2006 Philadelphia Annual Meeting (22–25 October 2006)

Paper No. 14
Presentation Time: 4:45 PM

U-PB ZIRCON CONSTRAINTS ON PROVENANCE OF CENOZOIC SEDIMENTS OF THE ASSAM-BENGAL SYSTEM, EASTERN HIMALAYAS


UDDIN, Ashraf1, BOWRING, Samuel2, CROWLEY, James3 and RAMEZANI, Jahandar3, (1)Dept. of Geology and Geography, Auburn University, 210 Petrie Hall, Auburn, AL 36849-5305, (2)EARTHTIME, 77 Moss Ave, MIT54-1120, Cambridge, MA 02139, (3)Dept. Earth, Atm. & Planet.
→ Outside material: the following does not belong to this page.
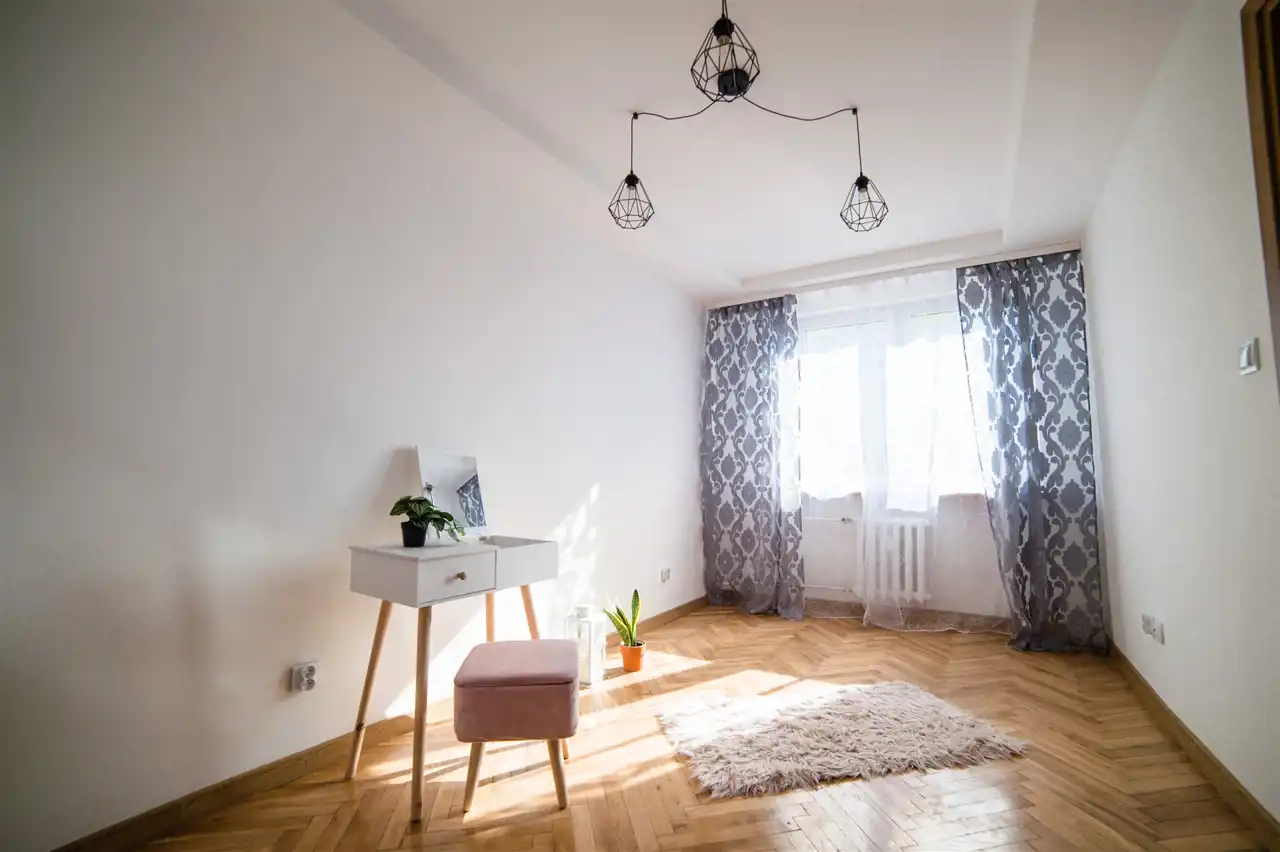 Niewątpliwym plusem jest bardzo dobry układ funkcjonalny mieszkania – przestronny salon z aneksem kuchennym - wyposażony w nowoczesne meble kuchenne oraz wydzielona część prywatna – intymna sypialnia, w której zmieści się zarówno duże małżeńskie łoże jak i szafa w zabudowie oraz pokój, który może pełnić funkcję gabinetu lub pokoju dziecięcego.

Sci, Massachusetts Institute of Technology, Cambridge, MA 02139, uddinas@auburn.edu

The confluence of eastern limits of the Himalayas and the northern tip of the north-south trending Indo-Burman ranges forms the eastern Himalayan syntaxis. To the southwest of this syntaxis is the Assam-Bengal basin, which has accumulated synorogenic sediments in an evolving foreland basin. Kilometers of Tertiary sediments are exposed and have been penetrated by drilling. U-Pb dates on detrital zircons from Cenozoic sequences of Assam and Bengal basins provide a complex provenance history.

Zircons from Eocene Disang sandstones of Assam yield dates ranging from Early Proterozoic to Cretaceous, suggesting that orogen-fed rivers drained multiple terranes prior to debauching into the Tethyan Sea. Paleogene zircons are conspicuously absent from Paleogene sandstones of Assam suggesting that any early Tertiary magmatism is not recorded in Eocene sandstones of Assam.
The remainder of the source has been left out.